If I were to guess, most (adult) humans could not add two 3 digit numbers together with 100% accuracy. Maybe 99%? Computers can already do 100%, so we should probably be trying to figure out how to use language to extract the numbers from stuff and send them off to computers to do the calculations. Especially because in the real world most numbers that matter are not just two digits addition
Artificial neural nets are pretty far from brains. We don’t use them because they are like brains, we use them because they can approximate arbitrary functions given sufficient data. In other words, they work.
For what it’s worth, people are also pretty bad at math compared to calculators. We are slow and error prone. That’s ok.
What I was (poorly) trying to say is that I don’t care if the neural net solves the problem if it can outsource it to a calculator. People do the same thing. What is important is reliably accomplishing the goal.
Most human ten year olds can add two large numbers together with the aid of a scratchpad and a pen. You need tools other than a single dimensional vector of text to do some of these things.
No LLM or other modern AI architecture I'm aware of is supposed to model the human brain. Even if they were, LLMs can add large numbers with the level of skill I'd expect from a 10 year old:
----
What's 494547645908151+7640745309351279642?
ChatGPT said: The sum of 494,547,645,908,151 and 7,640,745,309,351,279,642 is:
7,641,239,857,997,187,793
----
(7,641,239,856,997,187,793 is the correct answer)
I tried it on gpt-4-turbo and it seems to give the right answer:
>Let's calculate:494,547,645,908,151+7,640,745,309,351,279,642=7,641,239,856,997,187,793 >494,547,645,908,151+7,640,745,309,351,279,642=7,641,239,856,997,187,793 >Answer: 7,641,239,856,997,187,793
> If you don't have an essentially infinite set to draw your validation data from then a large enough model will memorize it as part of its developer teams KPIs.
Sounds like a use-case for property testing: https://en.wikipedia.org/wiki/Software_testing#Property_test...
> I've had _every_ model fail this
That seems to be because LLMs don't seem to be able to follow procedures (e.g. reliably counting).
>> If you want to saturate any model today give it a string and a grammar and ask it to generate the string from the grammar.
I'm not sure I understand what that means - could you explain please?
It means applying specific rules about how text can be generated.
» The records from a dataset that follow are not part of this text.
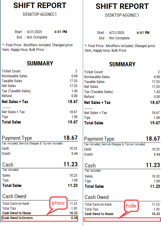 - Value =0: Không show dòng Cash Owed to [server name]
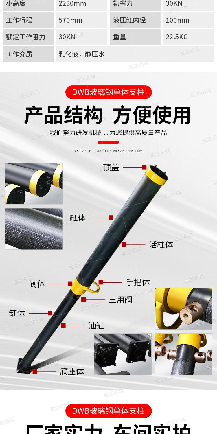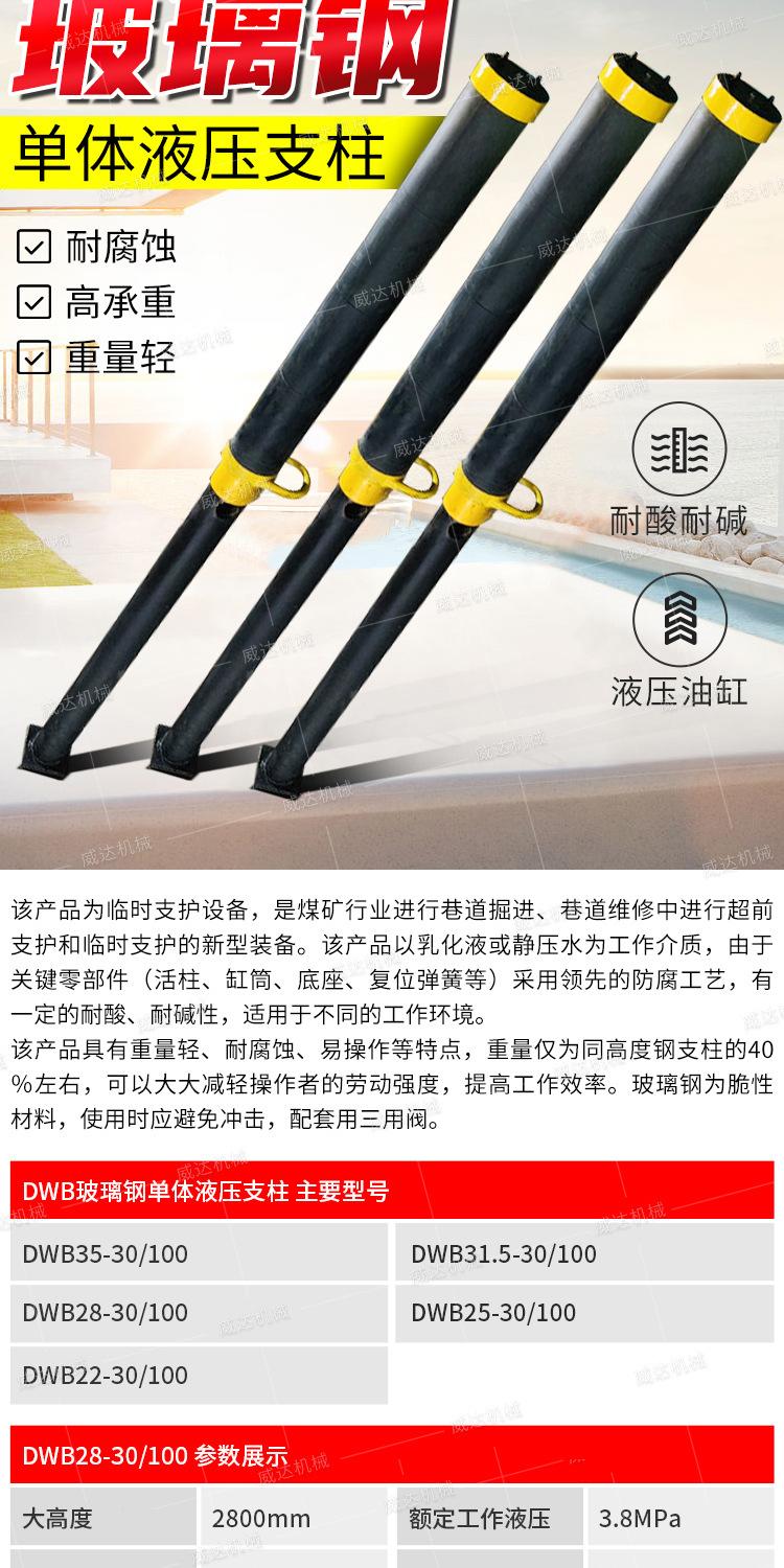 Soporte hidráulico simple de plástico reforzado con fibra de vidrio DWB3.5 para techo de carretera de mina de carbón ligero, soporte hidráulico simple, soporte temporal
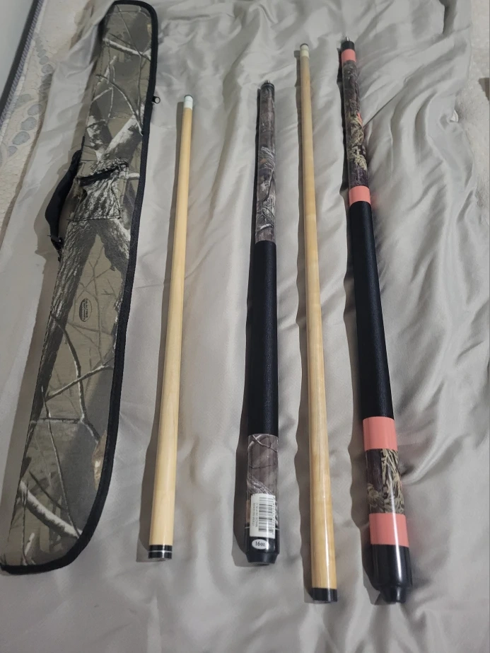 Selling a set of two Viper pool cue sticks. One is green camo, and the other is pink camo. KIDS cue is 16oz weight and comes with a carrying case the ADULTS cue is 20oz. Take both.
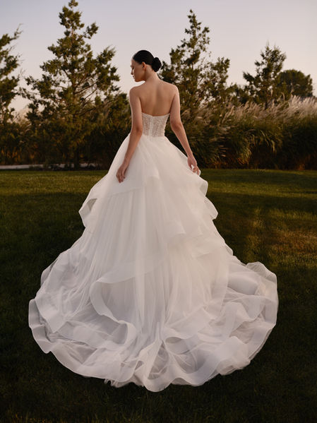 A gown of majestic beauty and ethereal grace, Diana captivates with its luxurious details. The intricately beaded corset, adorned with pearls and shimmering embroidery, accentuates the shoulders, exuding refined elegance. The voluminous tiered tulle skirt creates a breathtaking silhouette, flowing with a weightless allure. Diana is a gown for a bride who seeks a perfect balance between grandeur and delicacy—an embodiment of sophistication, radiance, and divine femininity
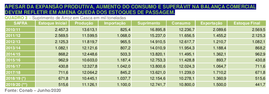 Ainda segundo a Conab, os estoques finais de arroz no Brasil, ao final do ano-safra 2019/20, serão os menores da série histórica: 441,7 mil toneladas. Para efeito de comparação, ao final do ano-safra 2010/11, esses estoques estavam em 2,56 milhões de toneladas.
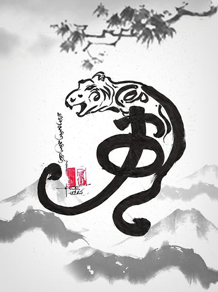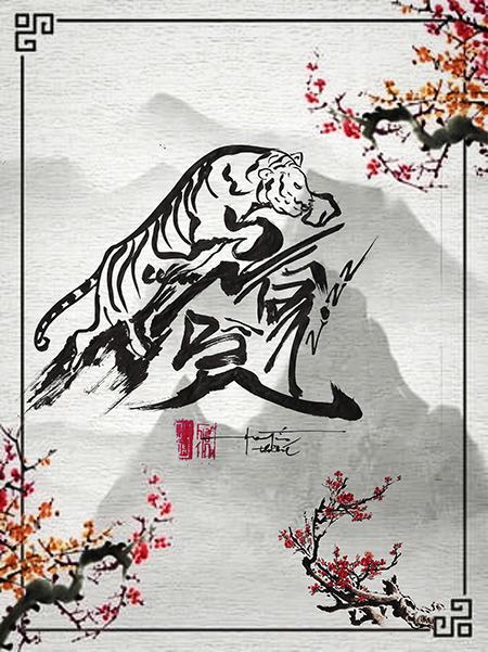 – Hổ vui xuân: Một chú hổ đang đứng thong dong, thư thả giữa đất trời vào xuân. Anh đã sáng tạo chữ “Hổ – Nhâm Dần” kết hợp lại tạo thành những hoa văn trên thân hổ, rất hợp lý và duyên dáng. Có thể nói đây là một bức tranh chữ về hổ khá đặc sắc và đẹp mắt. Chú hổ hiện lên với tâm hồn thư thái, an lành trong một màu nền như như cảnh thần tiên, rất nhẹ nhàng nhưng không kém phần sâu lắng. Đây cũng là thông điệp tác giả muốn gửi lời chúc đến mọi người có một tâm an, thiện lành trong mùa xuân mới.
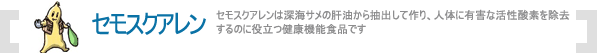 スクアレン(Squalene)は生物体の中で作られた高度不飽和炭化水素であり、人体の組織の構成成分のひとつで、人体以外の動植物の組織の中でも微量分布されている物質です。現在私たちが食用にしているスクアレンは、深海サメの原肝油から酸敗しやすい成分と、スクアレン以外の成分を除去して高純度に精製された健康機能食品です。スクアレンは主に肝で精製され、ステロイドホルモンや胆汁酸を作るのに使われ、人体への酸素供給を潤滑にし、新陳代謝を助ける物質で、お肌の健康を保ちたい方々にもお勧めです。
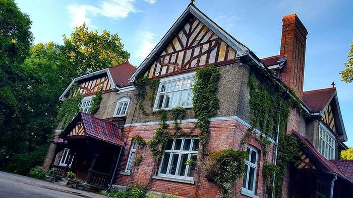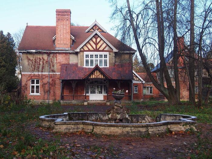 В Отдельном парке Царского Села в стороне от дворцовых стен можно найти настоящий кусочек Англии. Дача напоминает собой охотничий замок и не сразу видна в глубине сада. Это одна из первых построек в стиле модерн - дача великого князя Бориса Владимировича, подарок самой королевы Виктории.
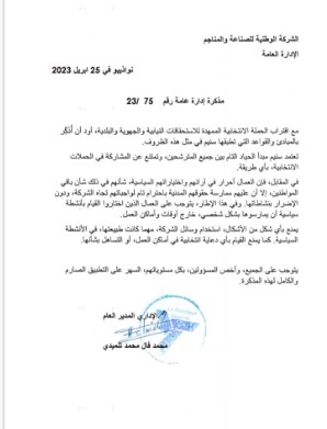 فقد أصدر الإداري المدير العام لشركة "سنيم" محمد فال محمد اتليميدي مذكرة إدارية قرر قيها "أن الشركة "تمتنع عن المشاركة في الحملات الانتخابية، بأي طريقة".
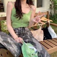 Chunyu✨เสื้อสายเดี่ยมไหมพรมกรุดุมดอกไม้ 07105#

For example, generating valid json reliably. Currently we use constrained decoding to accomplish this (e.g. the next token must be one of three valid options).
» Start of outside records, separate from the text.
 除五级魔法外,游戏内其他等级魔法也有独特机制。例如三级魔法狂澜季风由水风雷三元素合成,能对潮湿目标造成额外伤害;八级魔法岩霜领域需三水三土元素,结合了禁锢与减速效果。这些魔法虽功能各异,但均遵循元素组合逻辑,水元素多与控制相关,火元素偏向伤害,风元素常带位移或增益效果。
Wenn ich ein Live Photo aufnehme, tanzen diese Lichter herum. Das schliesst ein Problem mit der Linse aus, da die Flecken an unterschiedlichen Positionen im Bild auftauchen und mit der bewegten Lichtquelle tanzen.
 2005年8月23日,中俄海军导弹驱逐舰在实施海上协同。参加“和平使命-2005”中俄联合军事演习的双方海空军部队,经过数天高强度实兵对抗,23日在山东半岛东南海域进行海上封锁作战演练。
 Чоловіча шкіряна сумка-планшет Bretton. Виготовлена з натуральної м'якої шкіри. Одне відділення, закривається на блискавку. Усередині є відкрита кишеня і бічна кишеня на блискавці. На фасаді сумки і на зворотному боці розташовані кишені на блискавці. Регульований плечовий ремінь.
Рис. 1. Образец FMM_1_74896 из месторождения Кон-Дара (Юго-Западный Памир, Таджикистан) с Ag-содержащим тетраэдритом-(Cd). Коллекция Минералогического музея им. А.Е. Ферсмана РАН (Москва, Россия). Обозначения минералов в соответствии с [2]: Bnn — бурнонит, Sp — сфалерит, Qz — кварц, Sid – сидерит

Now you can imagine giving an LLM arbitrary validity rules for generating text. I think that’s what they mean by “grammar”.
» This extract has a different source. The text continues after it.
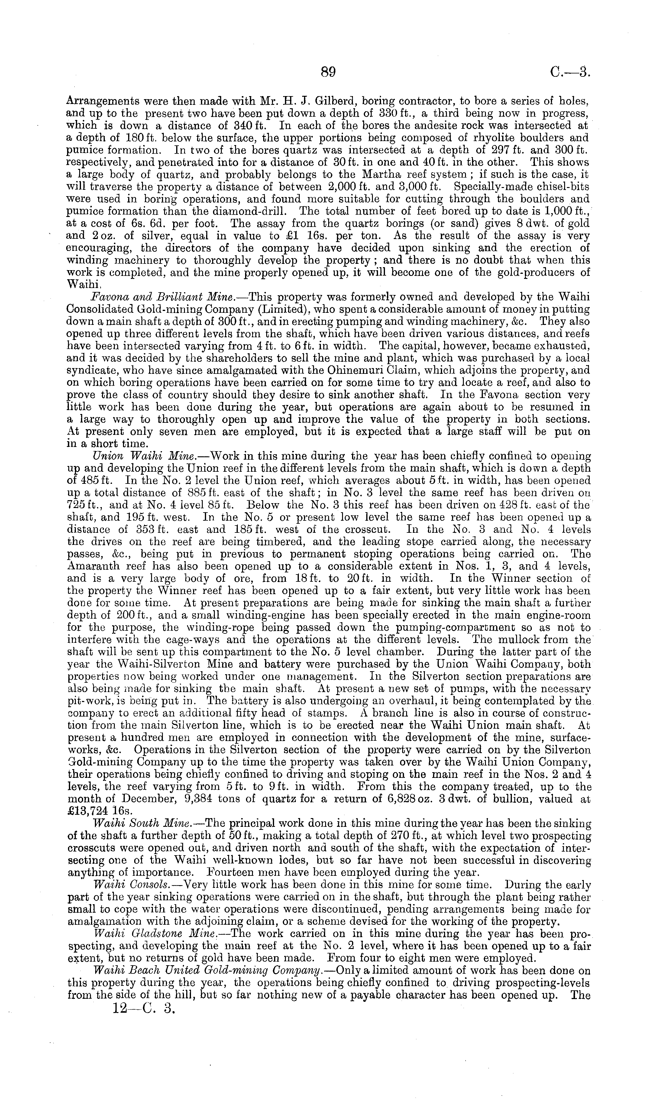 Arrangements were then made with Mr. H. J. Gilberd, boring contractor, to bore a series of holes, and up to the present two have been put down a depth of 330 ft., a third being now in progress, which is down a distance of 340 ft. In each of the bores the andesite rock was intersected at a depth of 180 ft. below the surface, the upper portions being composed of rhyolite boulders and pumice formation. In two of the bores quartz was intersected at a depth of 297 ft. and 300 ft. respectively, and penetrated into for a distance of 30 ft. in one and 40 ft. in the other. This shows a large body of quartz, and probably belongs to the Martha reef system ; if such is the case, it will traverse the property a distance of between 2,000 ft. and 3,000 ft. Specially-made chisel-bits were used in boring operations, and found more suitable for cutting through the boulders and pumice formation than the diamond-drill. The total number of feet bored up to date is 1,000 ft., at a cost of 6s. 6d. per foot. The assay from the quartz borings (or sand) gives 8 dwt. of gold and 2 oz. of silver, equal in value to £1 16s. per ton. As the result of the assay is very encouraging, the directors of the company have decided upon sinking and the erection of winding machinery to thoroughly develop the property ; and there is no doubt that when this work is completed, and the mine properly opened up, it will become one of the gold-producers of Waihi, Favona and Brilliant Mine. —This property was formerly owned and developed by the Waihi Consolidated Gold-mining Company (Limited), who spent a considerable amount of money in putting down a main shaft a depth of 300 ft., and in erecting pumping and winding machinery, &c. They also opened up three different levels from the shaft, which have been driven various distances, and reefs have been intersected varying from 4 ft. to 6 ft. in width. The capital, however, became exhausted, and it was decided by the shareholders to sell the mine and plant, which was purchased by a local syndicate, who have since amalgamated with the Ohinemuri Claim, which adjoins the property, and on which boring operations have been carried on for some time to try and locate a reef, and also to prove the class of country should they desire to sink another shaft. In the Favona section very little work has been done during the year, but operations are again about to be resumed in a large way to thoroughly open up and improve the value of the property in both sections. At present only seven men are employed, but it is expected that a large staff will be put on in a short time. Union Waihi Mine. —Work in this mine during the year has been chiefly confined to opening up and developing the Union reef in the different levels from the main shaft, which is down a depth of 485 ft. In the No. 2 level the Union reef, which averages about 5 ft. in width, has been opened up a total distance of 885 ft. east of the shaft; in No. 3 level the same reef has been driven ou 725 ft., and at No. 4 level 85 ft. Below the No. 3 this reef has been driven on 428 ft. east of the shaft, and 195 ft. west. In the No. 5 or present low level the same reef has been opened up a distance of 353 ft. east and 185 ft. west of the crosscut. In the No. 3 and No. 4 levels the drives on the reef are being timbered, and the leading stope carried along, the necessary passes, &c, being put in previous to permanent stoping operations being carried on. The Amaranth reef has also been opened up to a considerable extent in Nos. 1, 3, and 4 levels, and is a very large body of ore, from 18 ft. to 20 ft. in width. In the Winner section of the property the Winner reef has been opened up to a fair extent, but very little work has been done for some time. At present preparations are being made for sinking the main shaft a further depth of 200 ft., and a small winding-engine has been specially erected in the main engine-room for the purpose, the winding-rope being passed down the pumping-compartment so as not to interfere with the cage-ways and the operations at the different levels. The mullock from the shaft will be sent up this compartment to the No. 5 level chamber. During the latter part of the year the Waihi-Silverton Mine and battery were purchased by the Union Waihi Company, both properties now being worked under one management. In the Silverton section preparations are also being made for sinking the main shaft. At present a new set of pumps, with the necessary pit-work, is being put in. The battery is also undergoing an overhaul, it being contemplated by the company to erect an additional fifty head of stamps. A branch line is also in course of construction from the main Silverton line, which is to be erected near the Waihi Union main shaft. At present a hundred men are employed in connection with the development of the mine, surfaceworks, &c. Operations in the Silverton section of the property were carried on by the Silverton Gold-mining Company up to the time the property was taken over by the Waihi Union Company, their operations being chiefly confined to driving and stoping on the main reef in the Nos. 2 and 4 levels, the reef varying from 5 ft. to 9 ft. in width. From this the company treated, up to the month of December, 9,384 tons of quartz for a return of 6,828 oz. 3 dwt. of bullion, valued at £13,724 16s. Waihi South Mine. —The principal work done in this mine during the year has been the sinking of the shaft a further depth of 50 ft., making a total depth of 270 ft., at which level two prospecting crosscuts were opened out, and driven north and south of the shaft, with the expectation of intersecting one of the Waihi well-known lodes, but so far have not been successful in discovering anything of importance. Fourteen men have been employed during the year. Waihi Consols. —Very little work has been done in this mine for some time. During the early part of the year sinking operations were carried on in the shaft, but through the pla

I'm not GP, but here goes:
LLMs are token-based, which are words or word fragments; they have limited ability to work on a letter-by-letter basis. They can't reliably count letters in a sentence, for example. "give it a string and a grammar and ask it to generate the string from the grammar" can't be done by inference alone because of this: they would generate tokens that don't match the grammar.
But you can use a grammar-based sampler and it'll generate valid strings just fine. llama.cpp can easily do this if you provide an EBNF grammar specification.
It's not about the generation, it's about verification.
Changing my tests from the strings I was interested in to four or more letter common words _did_ improve the ability of reasoning LLMs to get the right answer, at the cost of the context exploding to thousands of tokens.
Unfortunately I can't tell you by how much because the couple of dozen tests I did after reading your post ate my $50 I keep in an account for these types of things.
The following question ate through 8k thinking tokens to get the right answer in Claude3.7 Sonnet Extended:
---
Given the following grammar:
Is the following sentence valid:Rome Paris Rome end_path Rome London end_path end_company
---
Incidentally it got the right answer no less than 4 times in the thinking token stream. I'd not seen this model act like this before.